[Dataset entries]
---

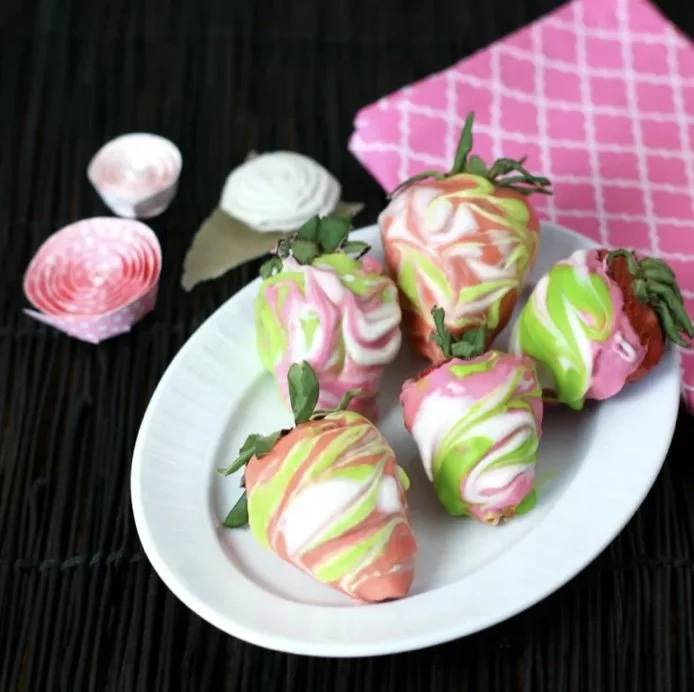 Step 4: Fully dip 1 strawberry into pink base, twisting and turning when lifting up to create a marbled pattern. Allow excess candy coating to drip off. Set strawberry on the prepared baking sheet. Drizzle more white and orange over pink base. Repeat with remaining strawberries.
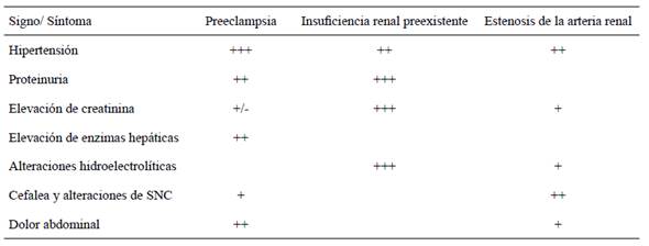 Cuadro 1 Frecuencia en los signos y síntomas entre las causas de hipertensión de origen renal y preeclampsia.
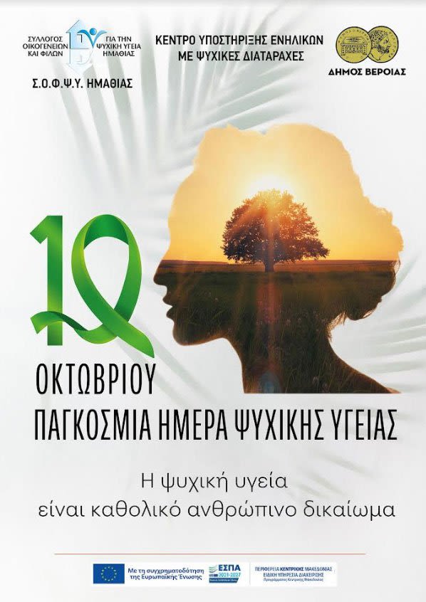 Εν όψει της Παγκόσμιας Ημέρας Ψυχικής Υγείας, η Κινητή Μονάδα Ψυχικής Υγείας Ενηλίκων Ημαθίας συνδιοργανώνει φέτος μαζί με το Κέντρο Υποστήριξης Ενηλίκων με ψυχικές διαταραχές του ΣΟΦΨΥ Ημαθίας μια ενημερωτική δράση για την Ψυχική Υγεία, με στόχο την ενημέρωση και ευαισθητοποίηση των πολιτών της Βέροιας στα ζητήματα Ψυχικής Υγείας, την καταπολέμηση του ψυχιατρικού στίγματος και την προώθηση της ψυχικής υγείας, ως προτεραιότητα για όλους. Η εκδήλωση θα γίνει την Τρίτη 10 Οκτωβρίου 2023 στο χώρο δίπλα στο Δημαρχείο της Βέροιας από τις 10:00 έως τις 13:30. Στην εκδήλωση θα συμμετέχουν επαγγελματίες ψυχικής υγείας της ΚΜΨΥ Ημαθίας και του ΣΟΦΨΥ Ημαθίας, οι οποίοι θα παρέχουν ενημέρωση στο κοινό.
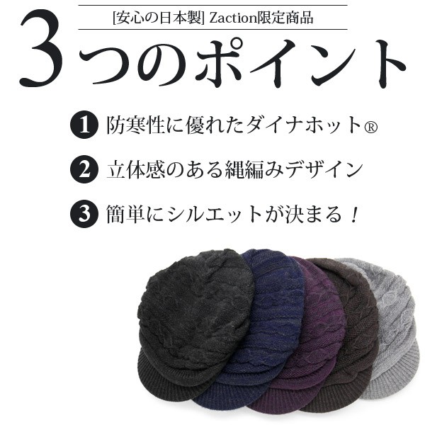 やさしい温熱効果で、効率的に暖める東レの『ダイナホット®』を使用したZactionオリジナルのキャスケットです。
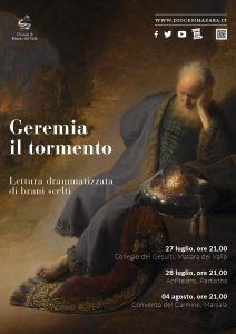 Debutta questa sera alle ore 21 – all’ex Collegio dei Gesuiti di Mazara del Vallo la pièce teatrale “Geremia: il tormento”, messa in scena dagli allievi del corso per lettori (giunto al suo secondo anno) organizzato durante l’inverno trascorso dall’Ufficio diocesano liturgico, con la guida del regista Salvino Martinciglio.
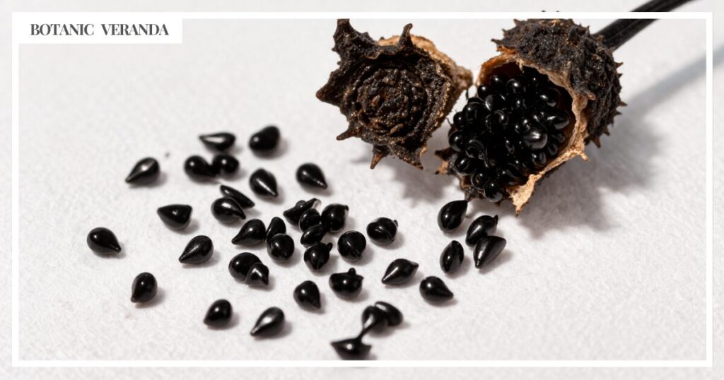 実が乾いてきて、中に黒い小さな粒が見えるようになると、採種のタイミングを考えやすくなります。作業するときは、白い紙や白い皿の上で行うと、種を見失いにくくなります。
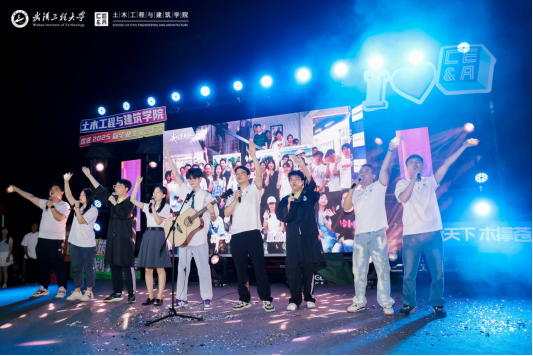 毕业生与土建学院全体辅导员共同演绎的音乐串烧《等你下课的那些年》将晚会推向高潮。他们一起回顾了校园生活的点点滴滴,在熟悉的旋律和温馨的画面中重温了青春的美好时光。
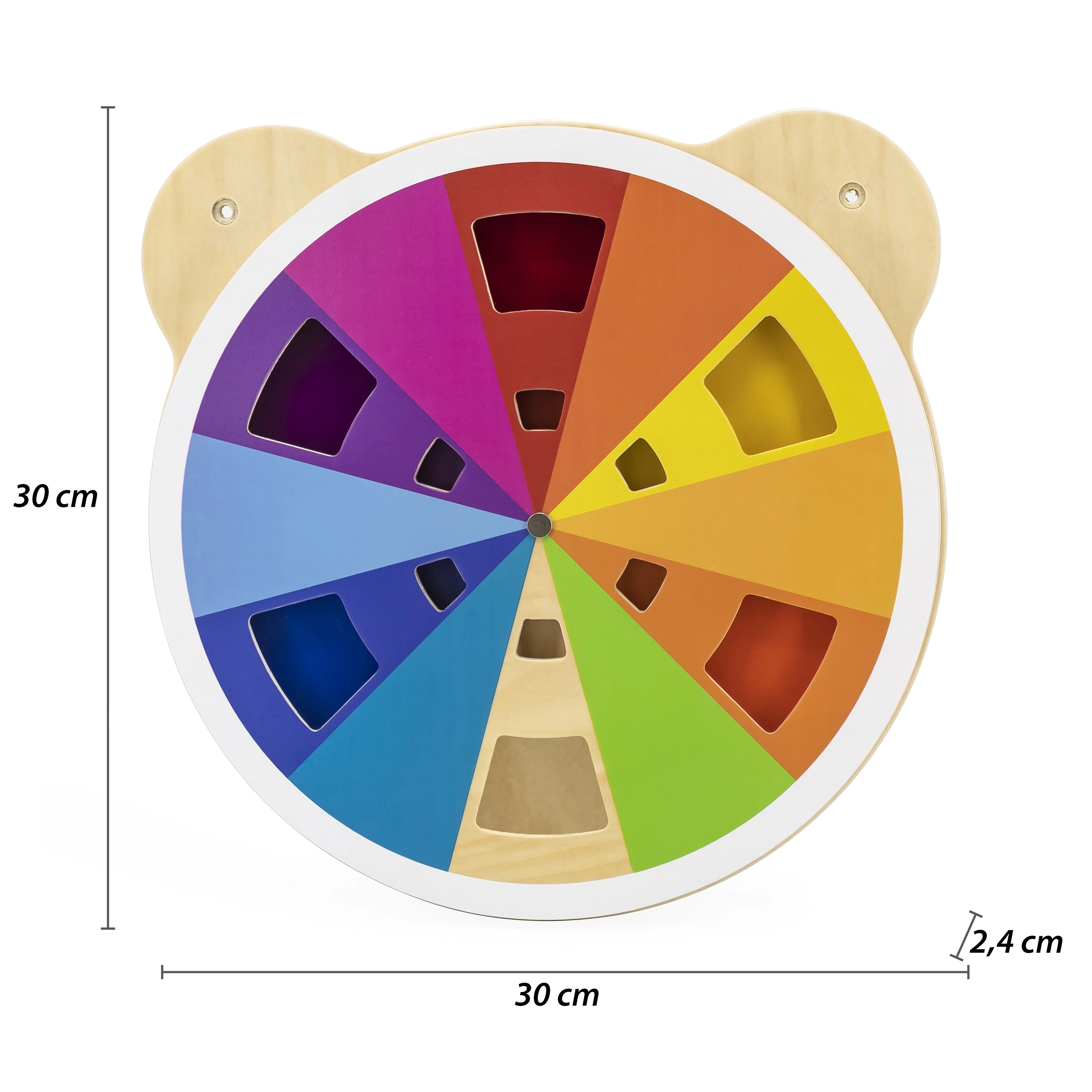 Karukujuline puidust värvisegamislaud on mitte ainult esteetiliselt köitev, vaid ka õppevahend lastele alates 18. elukuust. Akrüülketast pöörates saavad lapsed segada värve ja avastada uusi. Iga pöördega tekivad ainulaadsed värvid, mis lapsi köidavad.
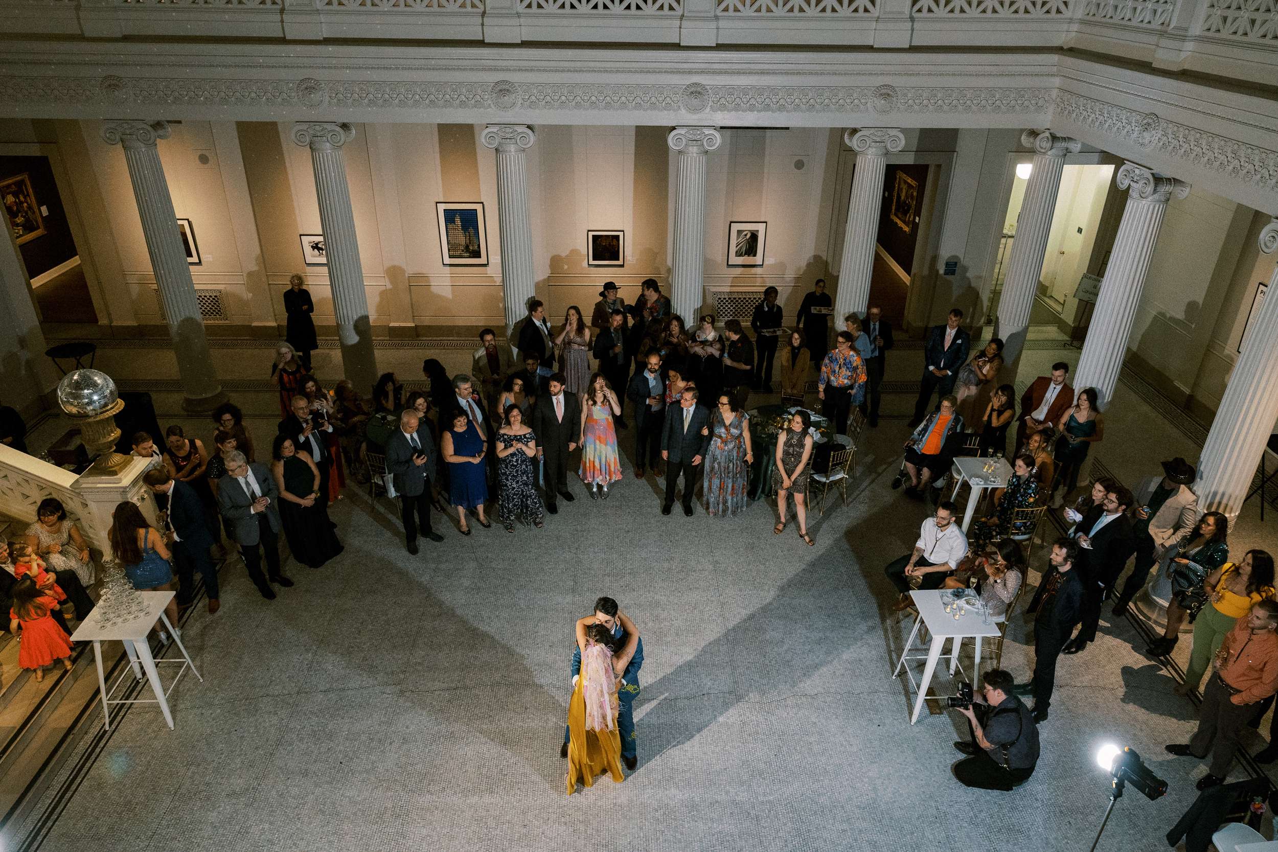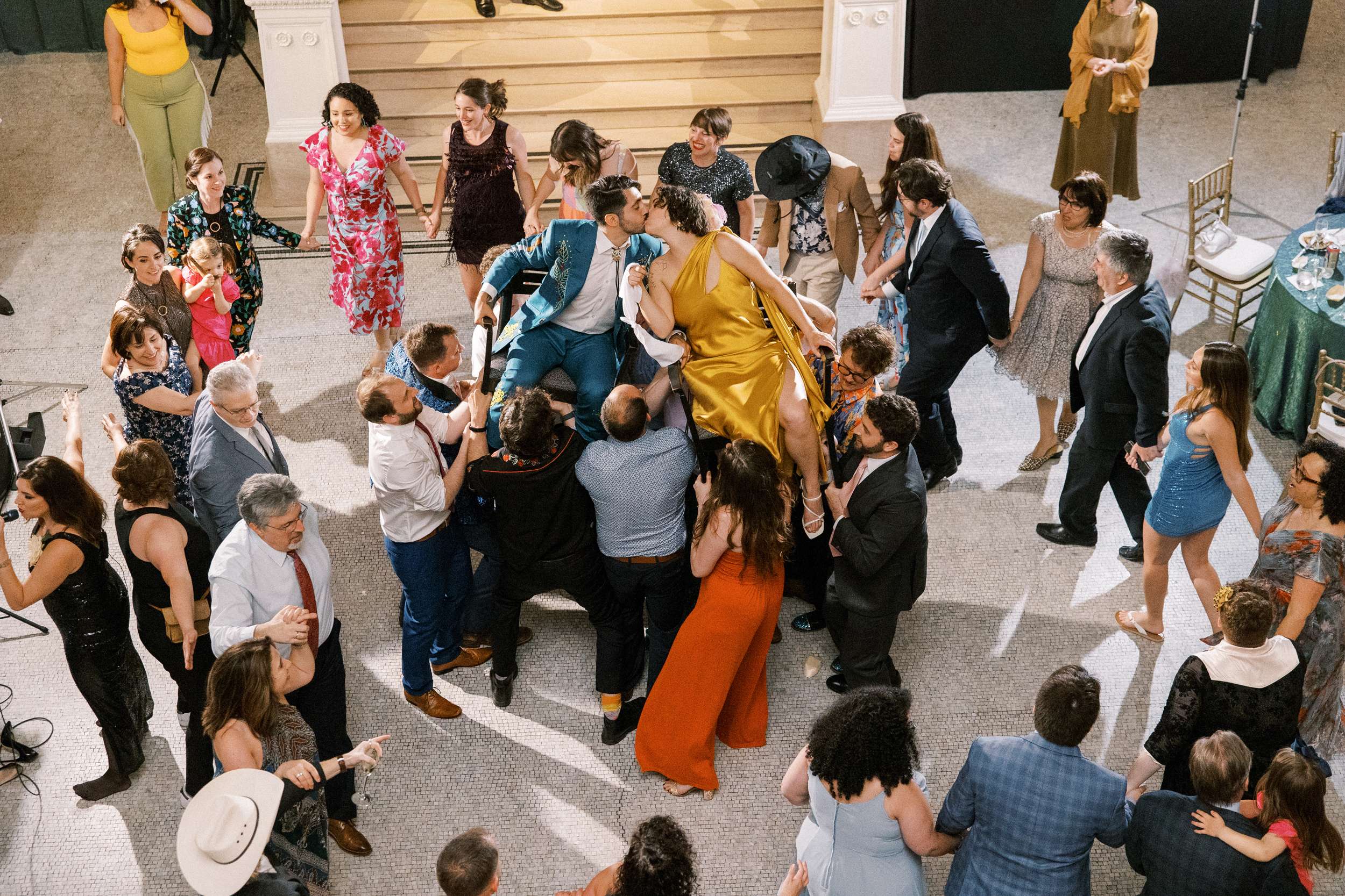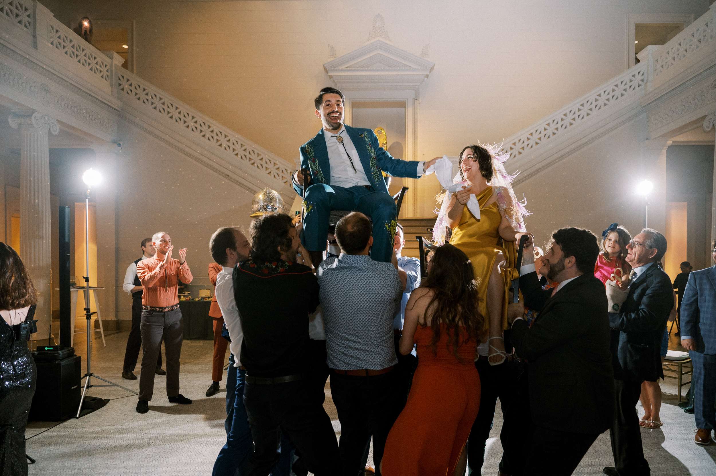 The reception inside the museum was set among works by Nick Cave and El Greco. Guests dined on a mix of traditional New Orleans dishes and the couple’s personal favourites, while a jazz band filled the space with the city’s signature sounds. The hora, a real highlight of the night, brought their community together both literally and figuratively as friends and family hoisted them into the air.
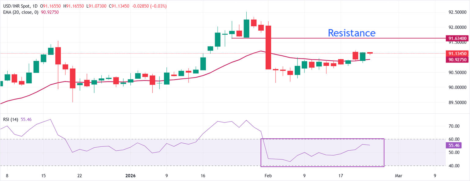 USD/INR trades marginally lower at open around 91.10. Price holds above the 20-day Exponential Moving Average at 90.9273, keeping a mild bullish bias.
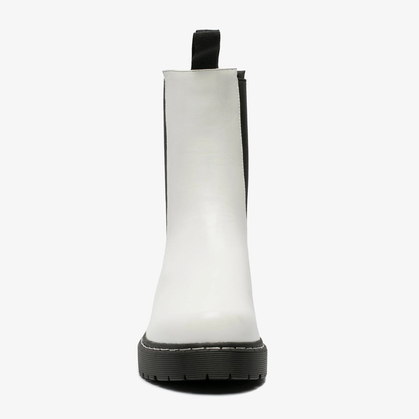 These boots are made of imitation leather, have a textile lining, and a sturdy sole. Elastic side inserts and pull tabs at the front and back make them easy to slip on. The comfortable textile footbed is not removable. These high Chelsea boots have a chunky sole with a heel of approximately 2 cm. The shaft height of the boots is 18 cm.
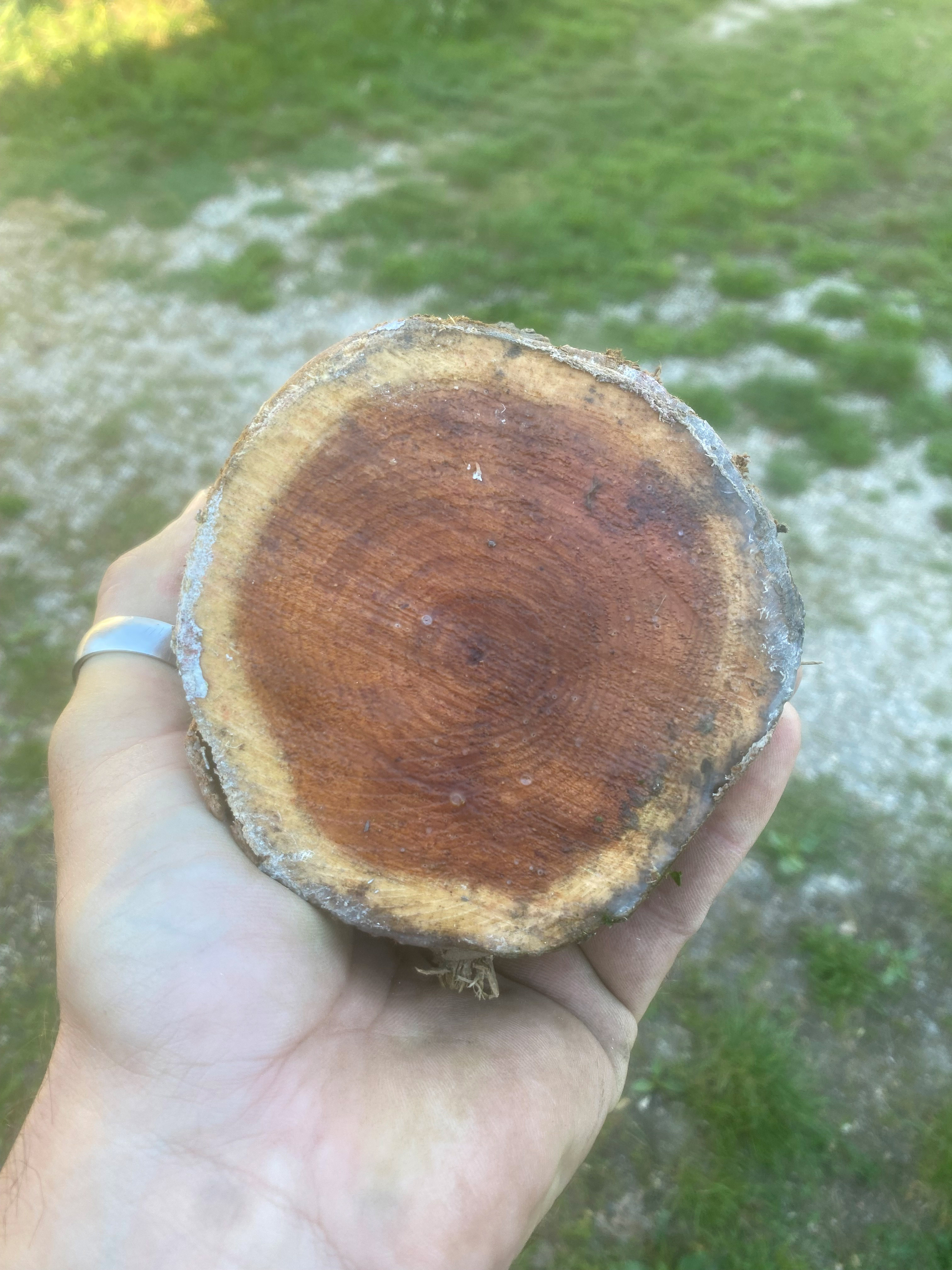 Durchmesser ist 11 Zentimeter auf der einen, 10 Zentimeter auf der anderen Seite. Sind nicht übertrieben aussagekräftig, die Fotos, ich weiß - hatte aber keine Zeit heute, die Enden abzuschneiden. Die Ringdichte sieht für mich deutlich besser als okay aus, die Farbe des Holzes auch.
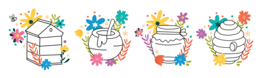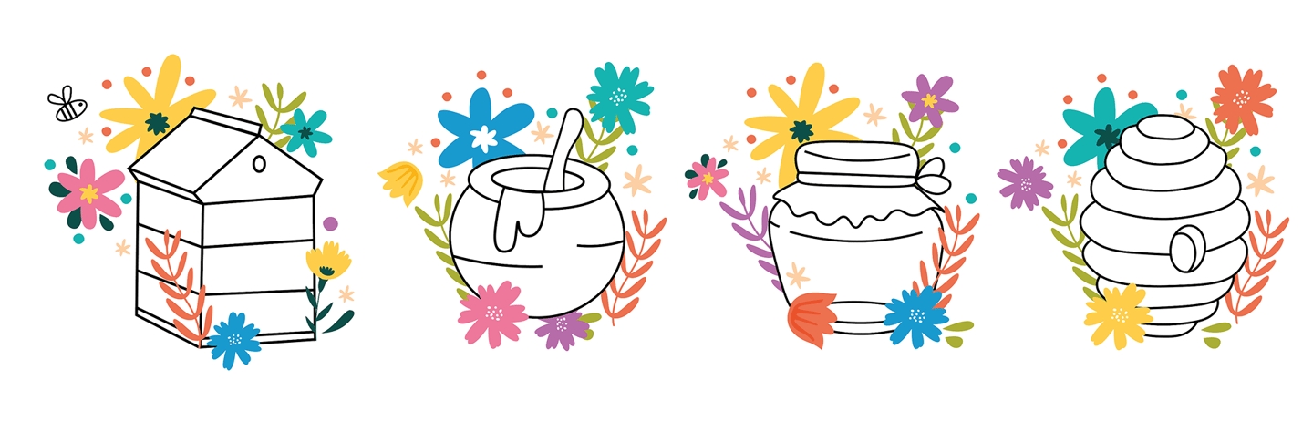 Opis: Etykiety zostały zaprojektowane na zlecenie miejscowej firmy, produkującej 100% miód pszczeli w Polsce. Ilustracje miały być lekkie, kojarzące się z wiosną, naturą i sielską atmosferą.
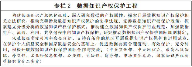 完善知識產(chǎn)權(quán)保護政策。健全大數(shù)據(jù)、人工智能、基因技術(shù)等新領(lǐng)域新業(yè)態(tài)知識產(chǎn)權(quán)保護制度。研究構(gòu)建數(shù)據(jù)知識產(chǎn)權(quán)保護規(guī)則。完善開源知識產(chǎn)權(quán)和法律體系。完善電子商務(wù)領(lǐng)域知識產(chǎn)權(quán)保護機制。健全遺傳資源獲取和惠益分享制度,建立跨部門生物遺傳資源獲取和惠益分享信息共享制度。制定傳統(tǒng)文化、民間文藝、傳統(tǒng)知識等領(lǐng)域保護辦法。建立與非物質(zhì)文化遺產(chǎn)相關(guān)的知識產(chǎn)權(quán)保護制度。完善體育賽事節(jié)目、綜藝節(jié)目、網(wǎng)絡(luò)直播等領(lǐng)域著作權(quán)保護制度。完善紅色經(jīng)典等優(yōu)秀舞臺藝術(shù)作品的版權(quán)保護措施。完善服裝設(shè)計等時尚產(chǎn)業(yè)知識產(chǎn)權(quán)保護政策。健全藥品專利糾紛早期解決機制,制定相關(guān)配套措施。完善中醫(yī)藥領(lǐng)域發(fā)明專利審查和保護機制。健全綠色技術(shù)知識產(chǎn)權(quán)保護制度。完善高校知識產(chǎn)權(quán)保護管理規(guī)定。建立知識產(chǎn)權(quán)侵權(quán)損害評估制度。(中央宣傳部、中央網(wǎng)信辦、最高人民法院、教育部、財政部、生態(tài)環(huán)境部、文化和旅游部、市場監(jiān)管總局、廣電總局、國家林草局、國家中醫(yī)藥局、國家藥監(jiān)局、國家知識產(chǎn)權(quán)局等按職責(zé)分工負(fù)責(zé))

---

== What is expected ==
Only exact lines belong in the answer: those from the beginning of the entries above through the line holding "Cuadro 1 Frecuencia en", with no pictures.

== Task result ==
 Step 4: Fully dip 1 strawberry into pink base, twisting and turning when lifting up to create a marbled pattern. Allow excess candy coating to drip off. Set strawberry on the prepared baking sheet. Drizzle more white and orange over pink base. Repeat with remaining strawberries.
 Cuadro 1 Frecuencia en los signos y síntomas entre las causas de hipertensión de origen renal y preeclampsia.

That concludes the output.